FE: How has food impacted the overall project?
Lipson: It’s been fascinating to see how this captivates people’s imagination immediately. We are on the cusp of change in the way change happens. It’s similar to the transition that occurred in computer technology. The mainframe dominated computing in the 1960s. Even then, IBM and Honeywell recognized the potential of home computing, but no one could figure out how to develop it until small companies started making PCs. Then gaming applications came along, and that created the initial market for home computing. Developments in simulation and sound technologies came about because researchers were focused on the growing community of gamers.
3D printers are following the same cycle. Would making toys, medical implants or something else popularize them? We put our printer out, not knowing how it would be used. It turns out that food is perfectly suited to this technology. Food is user friendly, everybody has some knowledge about it, and it is a very disarming application. FabApps could be to 3D printing what gaming was to home computing, creating initial interest and unleashing many people’s creative energy.

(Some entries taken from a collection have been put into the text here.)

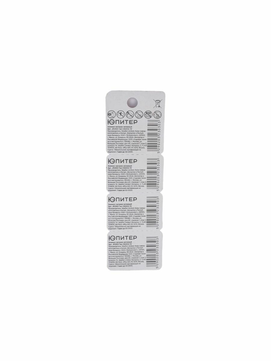 Батарейка CR2032 3V lithium 4шт. Юпитер (блистер с линиями отрыва) (JP2303) интересное: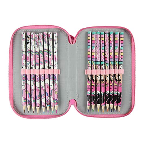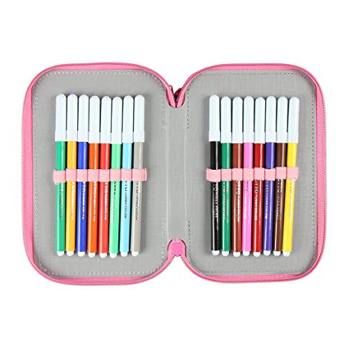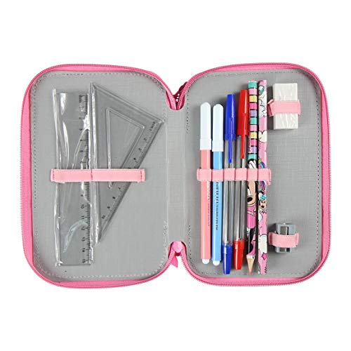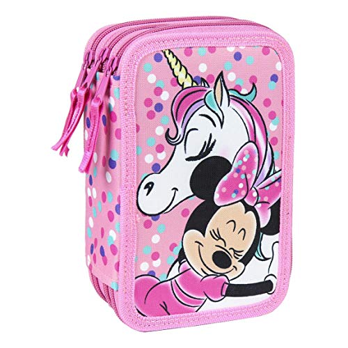 Disney Minnie Unicorno 2100002500 Astuccio Triplo Riempito, 3 Scomparti, 42 pezzi, Poliestere, Rosa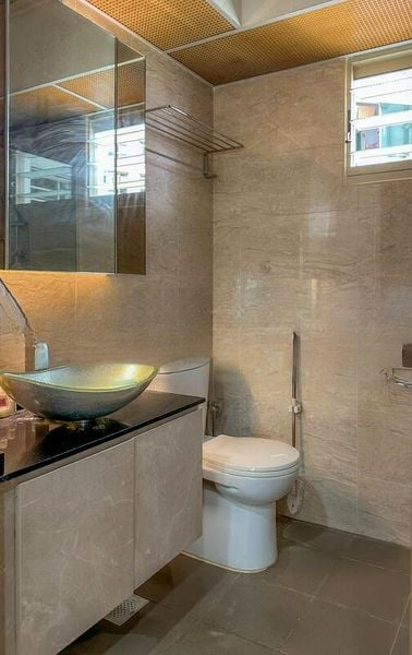 Step into a beautifully renovated 3-bedroom flat that exudes modern elegance and functionality. The well-maintained interiors are bathed in natural light, highlighting the custom platform beds and integrated storage solutions. The designer pink and white striped wardrobe panels add a playful yet chic touch, while the blue accent wall in the first bedroom creates a calming atmosphere.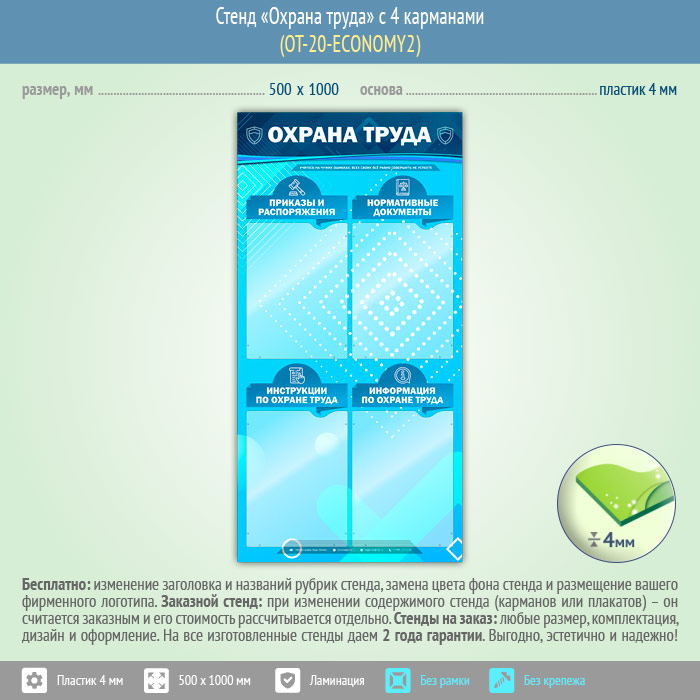 Стенд «Охрана труда» с 4 карманами (OT-20-ECONOMY2) в Кызыле купить

FE: How central is food printing to Fab@home’s work?
Lipson: Everything we’ve done with food has been a byproduct of other work we’ve done. Our funding comes from groups like the National Science Foundation and the Defense Department, and they have no interest in printing food. But 3D printing with food is what grabs people.

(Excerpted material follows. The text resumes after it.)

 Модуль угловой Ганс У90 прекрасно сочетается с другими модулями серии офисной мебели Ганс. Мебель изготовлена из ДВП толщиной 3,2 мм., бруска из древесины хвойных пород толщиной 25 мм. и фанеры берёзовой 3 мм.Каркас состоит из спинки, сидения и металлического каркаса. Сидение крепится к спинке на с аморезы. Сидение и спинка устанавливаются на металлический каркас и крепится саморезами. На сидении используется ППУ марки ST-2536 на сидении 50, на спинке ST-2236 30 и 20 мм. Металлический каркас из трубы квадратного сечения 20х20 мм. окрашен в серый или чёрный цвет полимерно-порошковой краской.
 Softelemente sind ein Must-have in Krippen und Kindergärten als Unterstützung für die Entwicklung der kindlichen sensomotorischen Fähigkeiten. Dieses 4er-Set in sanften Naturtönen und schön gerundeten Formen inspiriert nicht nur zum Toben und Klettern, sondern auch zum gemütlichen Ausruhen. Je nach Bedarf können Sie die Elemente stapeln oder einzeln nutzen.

FE: Is there a connection between 3D printing and your work in artificial intelligence and robotics?
Lipson: Some researchers say any machine with intelligence and the ability to be mobile is a robot. The printer won’t be mobile, but it definitely has intelligence. Ultimately, you would want to tell the machine what food or object you want, and it would make it for you.

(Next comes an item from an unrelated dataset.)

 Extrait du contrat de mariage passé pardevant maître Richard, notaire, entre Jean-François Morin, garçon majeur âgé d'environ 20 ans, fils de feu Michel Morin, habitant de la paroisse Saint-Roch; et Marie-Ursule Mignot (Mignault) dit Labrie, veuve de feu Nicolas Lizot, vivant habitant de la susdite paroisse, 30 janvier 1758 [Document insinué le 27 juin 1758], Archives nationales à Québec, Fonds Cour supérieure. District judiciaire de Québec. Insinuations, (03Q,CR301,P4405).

FE: Some of your work involves machines with self-awareness and the ability to self-simulate. Might that apply to food apps?
Lipson: That is a different story, but machines with self-diagnostics and self-correction ability are an area of interest. Taken to the extreme, it suggests machines with the intelligence to simulate an outcome before doing anything. It would be useful for any machine to learn from the thousands of details of its work: “If these ingredients are used, the food won’t hold together, or people won’t like the way it tastes.”
We’re experimenting with an evolutionary design process in which the computer breeds robots. It starts with a thousand robots of random shapes. Most are completely nonfunctional, but the computer takes the elements that do work and combines them over and over until you have a robot that does what you want it to do. Thousands of generations of design are involved, yet it takes the computer five minutes to do it.
FE: Besides food, what are you printing?
Lipson: Multi-material objects are the focus. Food fits in perfectly with this work, and it has such complex geometry.
Printing cookies was an interesting project. Cookie dough is easy to extrude, and we tried printing it with a vertical C, for Cornell. But it required multiple formulations before we could create a C that did not deform. Another interesting experiment involved turkey and celery. Neither of those is extrudable through a syringe or ink-jet nozzle, so we needed to use a binder.
FE: Have you involved the university’s food science department in the FabApps project?
Lipson: There have been a few e-mail exchanges, but there hasn’t been any formal contact, and that’s my fault. Some students from the Center for Hospitality Research are working with us, as is the French Culinary Institute in New York. David Arnold, the institute’s director of culinary technology, has advised on food safety issues and the addition of hydrocolloids and other binders to print foods that don’t deform.
Chefs are experimenting with the technology in their own restaurants. Some view this as a way to cut waste from current food production and distribution. As with any technology, if it isn’t explained, people aren’t sure if it’s a good thing. There are those who want to move away from technology in food, so 3D printing can be somewhat controversial.